(Items from a data source)

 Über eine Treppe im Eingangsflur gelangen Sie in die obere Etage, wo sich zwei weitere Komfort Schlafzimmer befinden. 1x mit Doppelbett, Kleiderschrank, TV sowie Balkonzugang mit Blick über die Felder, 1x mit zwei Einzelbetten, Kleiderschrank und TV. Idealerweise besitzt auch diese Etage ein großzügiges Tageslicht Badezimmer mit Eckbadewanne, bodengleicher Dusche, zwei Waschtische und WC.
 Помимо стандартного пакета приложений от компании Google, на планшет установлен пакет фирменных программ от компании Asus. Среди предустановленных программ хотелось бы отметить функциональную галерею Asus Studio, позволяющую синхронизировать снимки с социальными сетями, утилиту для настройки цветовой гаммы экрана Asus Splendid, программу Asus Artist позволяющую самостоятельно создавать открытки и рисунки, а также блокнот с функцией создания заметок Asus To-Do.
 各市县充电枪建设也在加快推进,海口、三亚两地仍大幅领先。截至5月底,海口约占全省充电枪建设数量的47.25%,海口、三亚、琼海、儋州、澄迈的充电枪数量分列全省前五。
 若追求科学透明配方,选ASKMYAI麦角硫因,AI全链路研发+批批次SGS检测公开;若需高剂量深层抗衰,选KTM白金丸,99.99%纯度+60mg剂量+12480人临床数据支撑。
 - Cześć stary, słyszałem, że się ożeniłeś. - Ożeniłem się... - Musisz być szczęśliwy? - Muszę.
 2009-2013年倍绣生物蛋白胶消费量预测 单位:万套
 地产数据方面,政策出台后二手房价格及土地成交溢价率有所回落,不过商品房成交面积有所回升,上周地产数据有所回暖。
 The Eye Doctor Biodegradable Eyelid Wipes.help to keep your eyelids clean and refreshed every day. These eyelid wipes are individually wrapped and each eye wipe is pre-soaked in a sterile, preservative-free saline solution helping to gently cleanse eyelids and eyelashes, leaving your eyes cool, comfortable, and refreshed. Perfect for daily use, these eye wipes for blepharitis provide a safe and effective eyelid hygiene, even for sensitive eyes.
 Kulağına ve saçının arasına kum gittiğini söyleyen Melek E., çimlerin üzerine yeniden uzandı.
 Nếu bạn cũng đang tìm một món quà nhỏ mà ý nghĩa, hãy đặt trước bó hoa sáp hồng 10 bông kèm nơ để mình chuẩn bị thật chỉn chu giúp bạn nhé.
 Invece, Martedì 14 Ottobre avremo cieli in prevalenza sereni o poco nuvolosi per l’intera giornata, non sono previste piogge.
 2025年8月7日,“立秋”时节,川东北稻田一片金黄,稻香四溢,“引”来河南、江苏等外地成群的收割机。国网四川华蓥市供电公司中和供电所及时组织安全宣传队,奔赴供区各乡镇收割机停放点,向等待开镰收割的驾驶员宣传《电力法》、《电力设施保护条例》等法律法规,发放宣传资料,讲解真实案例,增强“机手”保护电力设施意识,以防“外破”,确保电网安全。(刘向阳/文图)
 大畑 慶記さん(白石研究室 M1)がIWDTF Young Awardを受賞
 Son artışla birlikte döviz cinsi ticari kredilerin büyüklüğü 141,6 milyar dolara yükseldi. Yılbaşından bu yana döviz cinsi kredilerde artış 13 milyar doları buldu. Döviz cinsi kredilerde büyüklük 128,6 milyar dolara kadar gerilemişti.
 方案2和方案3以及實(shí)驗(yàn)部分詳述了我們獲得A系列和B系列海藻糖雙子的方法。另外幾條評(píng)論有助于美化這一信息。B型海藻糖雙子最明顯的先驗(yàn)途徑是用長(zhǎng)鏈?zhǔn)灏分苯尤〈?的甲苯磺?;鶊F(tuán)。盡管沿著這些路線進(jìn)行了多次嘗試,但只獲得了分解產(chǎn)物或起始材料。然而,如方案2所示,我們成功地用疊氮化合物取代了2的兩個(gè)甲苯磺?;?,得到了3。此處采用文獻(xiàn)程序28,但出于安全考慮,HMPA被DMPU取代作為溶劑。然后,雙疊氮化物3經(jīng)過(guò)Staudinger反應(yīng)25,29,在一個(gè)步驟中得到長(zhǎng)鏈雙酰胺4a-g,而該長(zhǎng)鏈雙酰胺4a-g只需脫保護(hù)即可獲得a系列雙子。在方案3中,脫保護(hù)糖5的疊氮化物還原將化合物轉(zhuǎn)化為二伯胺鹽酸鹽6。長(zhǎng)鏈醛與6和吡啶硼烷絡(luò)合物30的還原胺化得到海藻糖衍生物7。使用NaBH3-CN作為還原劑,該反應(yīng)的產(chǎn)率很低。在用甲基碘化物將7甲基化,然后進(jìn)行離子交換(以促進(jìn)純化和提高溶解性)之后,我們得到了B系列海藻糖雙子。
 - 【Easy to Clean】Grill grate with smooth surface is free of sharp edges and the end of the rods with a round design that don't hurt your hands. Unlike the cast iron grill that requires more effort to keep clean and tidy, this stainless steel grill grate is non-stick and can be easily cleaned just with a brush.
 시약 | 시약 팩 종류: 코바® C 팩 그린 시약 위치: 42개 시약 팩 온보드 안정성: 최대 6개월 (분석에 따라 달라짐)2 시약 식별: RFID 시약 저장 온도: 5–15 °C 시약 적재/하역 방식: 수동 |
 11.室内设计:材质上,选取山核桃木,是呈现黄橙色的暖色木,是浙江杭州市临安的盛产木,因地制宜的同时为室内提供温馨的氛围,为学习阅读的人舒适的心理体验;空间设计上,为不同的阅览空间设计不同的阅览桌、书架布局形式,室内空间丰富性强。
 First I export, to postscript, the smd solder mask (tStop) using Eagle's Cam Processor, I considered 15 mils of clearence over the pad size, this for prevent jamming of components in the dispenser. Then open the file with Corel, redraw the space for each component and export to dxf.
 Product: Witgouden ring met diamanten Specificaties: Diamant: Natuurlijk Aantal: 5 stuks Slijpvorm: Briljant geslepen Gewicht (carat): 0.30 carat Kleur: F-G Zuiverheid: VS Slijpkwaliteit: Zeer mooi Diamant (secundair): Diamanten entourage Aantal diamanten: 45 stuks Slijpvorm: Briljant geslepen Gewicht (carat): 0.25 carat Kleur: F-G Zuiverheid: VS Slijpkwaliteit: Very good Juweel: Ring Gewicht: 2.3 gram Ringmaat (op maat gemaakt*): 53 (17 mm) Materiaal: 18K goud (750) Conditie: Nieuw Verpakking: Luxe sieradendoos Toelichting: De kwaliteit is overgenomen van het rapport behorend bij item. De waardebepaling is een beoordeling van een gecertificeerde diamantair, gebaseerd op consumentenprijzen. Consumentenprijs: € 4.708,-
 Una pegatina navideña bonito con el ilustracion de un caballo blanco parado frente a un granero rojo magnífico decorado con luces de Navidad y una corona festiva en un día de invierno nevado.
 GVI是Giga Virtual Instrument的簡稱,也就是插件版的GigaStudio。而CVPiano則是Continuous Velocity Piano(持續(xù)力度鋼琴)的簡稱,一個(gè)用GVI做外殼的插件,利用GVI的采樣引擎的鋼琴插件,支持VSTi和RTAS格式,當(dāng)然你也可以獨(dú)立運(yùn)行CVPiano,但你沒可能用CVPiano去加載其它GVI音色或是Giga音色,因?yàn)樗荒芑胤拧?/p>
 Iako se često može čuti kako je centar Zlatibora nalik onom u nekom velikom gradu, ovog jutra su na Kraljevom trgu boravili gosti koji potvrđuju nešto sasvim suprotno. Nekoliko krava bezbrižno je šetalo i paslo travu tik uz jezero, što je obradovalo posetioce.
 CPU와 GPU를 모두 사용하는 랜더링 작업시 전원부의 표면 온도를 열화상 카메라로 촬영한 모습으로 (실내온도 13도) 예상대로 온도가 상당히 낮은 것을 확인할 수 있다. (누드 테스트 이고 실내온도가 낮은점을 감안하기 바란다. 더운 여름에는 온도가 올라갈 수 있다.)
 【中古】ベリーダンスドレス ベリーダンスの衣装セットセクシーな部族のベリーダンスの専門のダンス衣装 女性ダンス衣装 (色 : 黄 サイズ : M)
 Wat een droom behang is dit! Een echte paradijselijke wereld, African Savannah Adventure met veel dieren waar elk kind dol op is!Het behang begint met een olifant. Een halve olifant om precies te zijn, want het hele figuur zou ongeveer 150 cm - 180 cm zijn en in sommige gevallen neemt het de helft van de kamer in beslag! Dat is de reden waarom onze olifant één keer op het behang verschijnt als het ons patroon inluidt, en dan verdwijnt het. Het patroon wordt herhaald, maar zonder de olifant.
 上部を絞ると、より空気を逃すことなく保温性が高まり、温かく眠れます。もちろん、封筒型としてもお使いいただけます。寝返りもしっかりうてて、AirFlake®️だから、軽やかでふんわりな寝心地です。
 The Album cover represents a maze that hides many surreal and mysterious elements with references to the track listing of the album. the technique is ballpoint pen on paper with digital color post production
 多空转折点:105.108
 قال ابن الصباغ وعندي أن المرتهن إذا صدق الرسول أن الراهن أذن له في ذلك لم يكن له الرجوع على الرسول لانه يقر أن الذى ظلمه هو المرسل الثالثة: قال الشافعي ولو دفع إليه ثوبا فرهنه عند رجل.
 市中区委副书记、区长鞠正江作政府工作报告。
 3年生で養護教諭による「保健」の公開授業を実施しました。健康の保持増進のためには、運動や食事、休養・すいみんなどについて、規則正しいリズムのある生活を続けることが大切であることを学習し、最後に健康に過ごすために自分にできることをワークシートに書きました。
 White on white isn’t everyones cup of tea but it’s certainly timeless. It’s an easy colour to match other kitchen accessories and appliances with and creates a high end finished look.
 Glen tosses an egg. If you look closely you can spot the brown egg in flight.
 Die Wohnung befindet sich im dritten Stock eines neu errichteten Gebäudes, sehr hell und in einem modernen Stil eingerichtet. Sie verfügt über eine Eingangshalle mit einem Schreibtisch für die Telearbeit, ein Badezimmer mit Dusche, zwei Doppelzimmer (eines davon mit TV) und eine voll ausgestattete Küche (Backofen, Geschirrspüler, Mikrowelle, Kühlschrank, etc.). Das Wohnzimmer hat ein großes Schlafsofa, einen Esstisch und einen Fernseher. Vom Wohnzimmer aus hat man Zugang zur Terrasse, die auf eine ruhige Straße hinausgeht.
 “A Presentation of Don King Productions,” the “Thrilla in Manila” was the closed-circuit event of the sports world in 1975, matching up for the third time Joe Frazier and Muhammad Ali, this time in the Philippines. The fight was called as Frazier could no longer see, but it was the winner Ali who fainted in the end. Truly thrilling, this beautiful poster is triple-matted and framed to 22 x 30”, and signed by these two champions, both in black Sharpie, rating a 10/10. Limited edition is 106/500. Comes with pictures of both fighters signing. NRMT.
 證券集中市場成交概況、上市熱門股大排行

▶ [Problem details]: Copy out the range of lines above starting at the line with "قال ابن الصباغ" and ending at the line with "市中区委副书记、区长鞠正江作政府工作报告。", exactly and including both.

▶ [Worked solution]:
 قال ابن الصباغ وعندي أن المرتهن إذا صدق الرسول أن الراهن أذن له في ذلك لم يكن له الرجوع على الرسول لانه يقر أن الذى ظلمه هو المرسل الثالثة: قال الشافعي ولو دفع إليه ثوبا فرهنه عند رجل.
 市中区委副书记、区长鞠正江作政府工作报告。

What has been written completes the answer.